The Justice Centre for Constitutional Freedoms had warned UBC that it would sue if the university didn’t reinstate the Free Speech Club’s Jan. 29 event on Antifa violence. In response, UBC counsel Hubert Lai doubled down on the university’s submission to the heckler’s veto.
In a Jan. 8 letter made public by the center Monday, Lai noted that UBC’s stated commitment to “freedom of expression and academic freedom” in its space rental policy is overridden by its “obligation to maintain a safe environment for members of its community, and visitors to its premises”:
UBC respects the right to freedom of expression and will not discriminate in a manner prohibited by the British Columbia Human Rights Code. UBC reserves the right to ensure that any use of Bookable Space does not compromise UBC’s or the UBC community’s activities, as well as the safety and security of persons and facilities.
UBC has been increasingly targeted with protest and disruption of campus events in recent months, including physical pushing, intimidation by mask-wearing protesters, vandalism, release of “noxious substances” and plain-old disruption of speakers, Lai wrote.
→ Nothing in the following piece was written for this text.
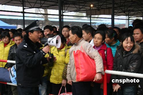 湖南衡陽火車站是湘南地區(qū)節(jié)后旅客最大的集散地,2009年1月31日以來,日發(fā)送旅客5.5萬余人次,創(chuàng)歷史新高。連日來,衡陽鐵路公安處全警出動(dòng),分布在衡陽火車站安檢口、售票廳、站臺(tái)等崗位,組織旅客有序進(jìn)站,確保廣大旅客群眾出行安全。中新社發(fā) 劉愛成 攝

Ngo is simply too juicy a target for such thugs, the lawyer continued: “As you are aware, Mr. Ngo has been the target of violence in the past.” The university is “legally entitled to manage access to its property in the same way as any other property owner.”
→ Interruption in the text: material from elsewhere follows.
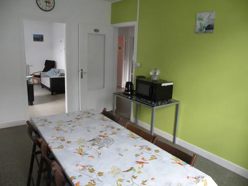 Jardin commun à l'arrière du bâtiment (passer par l'extérieur pour y accéder), au bord du Sioulot, au milieu des arbres fruitiers (salon de jardin).A moins de 30 min de Vulcania, Panoramique des Dômes, Téléphérique du Sancy, Volcan de Lemptégy, Puy Pariou, à 10 minutes des lacs de Guery et Servière et du Centre Montagnard Cap Guery (ski de fond/raquettes). Garage (idéal motards). Nous disposons de plusieurs logements dans la villa, info sur demande.

(Strangely, Lai’s letter refers to UBC President Santa Ono – the original recipient of the center’s legal threat letter – as “Professor Ono,” implying the center issued the threat to an irrelevant academic. Ono himself identifies first as president and vice chancellor.)
The Free Speech Club’s lawyers at the center said Monday that they would be “proceeding with legal action” against the university, which has still not informed the group of any specific threat directed against the event.
Angelo Isidorou, director of the Free Speech Club, shamed the university for “telling the world that free speech doesn’t matter” and making clear it does not respect its own “policies founded on freedom of expression.”
Center lawyer Marty Moore said the refusal to reinstate the event “effectively punishes a victim of violence by banning him from speaking at UBC, in what appears to be an attempt to appease the violent group Antifa.”